### Exercise details
Each line below is to be copied exactly; images do not go into the copy.

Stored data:
· · · · ·

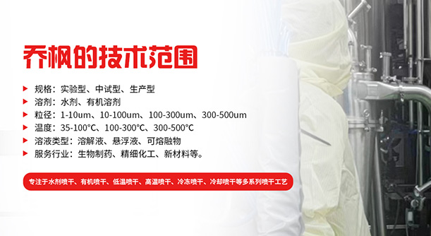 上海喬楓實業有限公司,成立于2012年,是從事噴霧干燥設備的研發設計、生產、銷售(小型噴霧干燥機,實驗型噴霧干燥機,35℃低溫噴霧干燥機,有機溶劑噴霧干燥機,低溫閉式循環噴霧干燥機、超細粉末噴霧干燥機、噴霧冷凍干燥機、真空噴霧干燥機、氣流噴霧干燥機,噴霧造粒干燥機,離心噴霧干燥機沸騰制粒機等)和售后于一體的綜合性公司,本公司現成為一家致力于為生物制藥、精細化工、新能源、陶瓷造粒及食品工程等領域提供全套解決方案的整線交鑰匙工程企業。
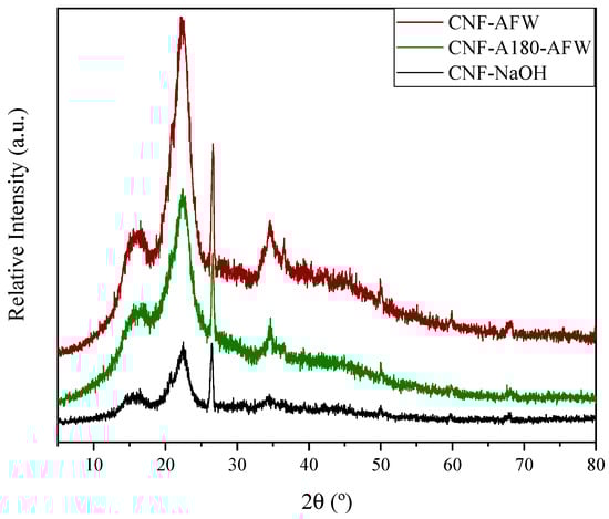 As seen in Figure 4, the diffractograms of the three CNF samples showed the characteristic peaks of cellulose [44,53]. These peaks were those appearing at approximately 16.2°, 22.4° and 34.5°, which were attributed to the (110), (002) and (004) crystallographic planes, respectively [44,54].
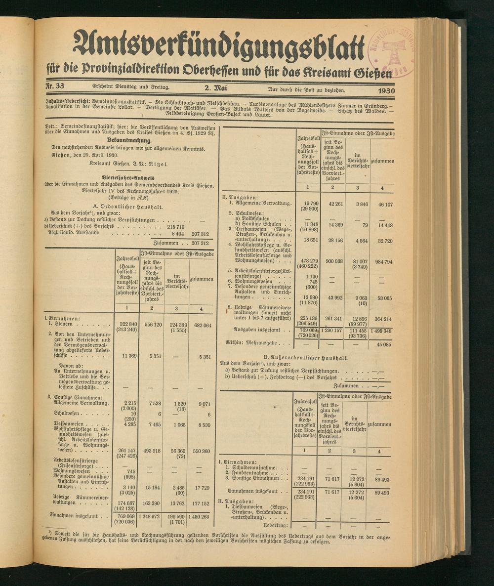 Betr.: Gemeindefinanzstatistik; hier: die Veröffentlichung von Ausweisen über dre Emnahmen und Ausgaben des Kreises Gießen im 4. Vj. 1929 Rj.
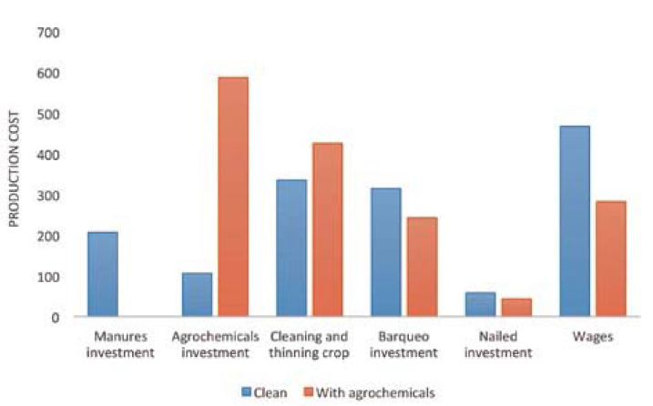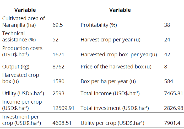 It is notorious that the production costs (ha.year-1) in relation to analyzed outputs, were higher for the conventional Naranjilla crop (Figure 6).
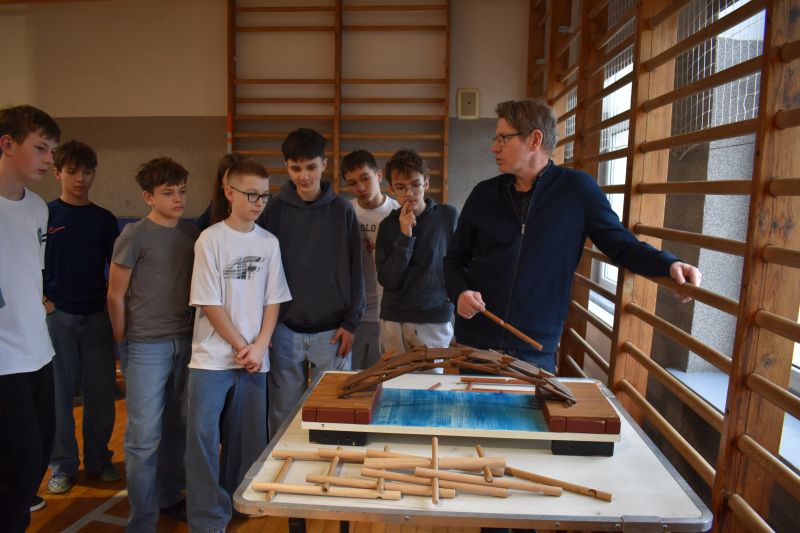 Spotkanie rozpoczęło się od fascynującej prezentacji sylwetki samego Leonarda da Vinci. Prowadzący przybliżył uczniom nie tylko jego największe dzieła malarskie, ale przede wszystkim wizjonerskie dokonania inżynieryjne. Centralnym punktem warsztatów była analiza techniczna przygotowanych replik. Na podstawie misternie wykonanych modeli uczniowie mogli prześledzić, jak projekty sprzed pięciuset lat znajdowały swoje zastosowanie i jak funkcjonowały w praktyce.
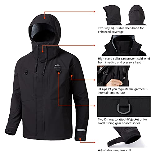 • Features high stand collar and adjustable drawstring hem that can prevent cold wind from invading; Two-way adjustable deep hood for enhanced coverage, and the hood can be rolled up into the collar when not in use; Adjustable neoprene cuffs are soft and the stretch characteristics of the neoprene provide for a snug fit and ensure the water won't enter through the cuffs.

· · · · ·

### Response
 上海喬楓實業有限公司,成立于2012年,是從事噴霧干燥設備的研發設計、生產、銷售(小型噴霧干燥機,實驗型噴霧干燥機,35℃低溫噴霧干燥機,有機溶劑噴霧干燥機,低溫閉式循環噴霧干燥機、超細粉末噴霧干燥機、噴霧冷凍干燥機、真空噴霧干燥機、氣流噴霧干燥機,噴霧造粒干燥機,離心噴霧干燥機沸騰制粒機等)和售后于一體的綜合性公司,本公司現成為一家致力于為生物制藥、精細化工、新能源、陶瓷造粒及食品工程等領域提供全套解決方案的整線交鑰匙工程企業。
 As seen in Figure 4, the diffractograms of the three CNF samples showed the characteristic peaks of cellulose [44,53]. These peaks were those appearing at approximately 16.2°, 22.4° and 34.5°, which were attributed to the (110), (002) and (004) crystallographic planes, respectively [44,54].
 Betr.: Gemeindefinanzstatistik; hier: die Veröffentlichung von Ausweisen über dre Emnahmen und Ausgaben des Kreises Gießen im 4. Vj. 1929 Rj.
 It is notorious that the production costs (ha.year-1) in relation to analyzed outputs, were higher for the conventional Naranjilla crop (Figure 6).
 Spotkanie rozpoczęło się od fascynującej prezentacji sylwetki samego Leonarda da Vinci. Prowadzący przybliżył uczniom nie tylko jego największe dzieła malarskie, ale przede wszystkim wizjonerskie dokonania inżynieryjne. Centralnym punktem warsztatów była analiza techniczna przygotowanych replik. Na podstawie misternie wykonanych modeli uczniowie mogli prześledzić, jak projekty sprzed pięciuset lat znajdowały swoje zastosowanie i jak funkcjonowały w praktyce.
 • Features high stand collar and adjustable drawstring hem that can prevent cold wind from invading; Two-way adjustable deep hood for enhanced coverage, and the hood can be rolled up into the collar when not in use; Adjustable neoprene cuffs are soft and the stretch characteristics of the neoprene provide for a snug fit and ensure the water won't enter through the cuffs.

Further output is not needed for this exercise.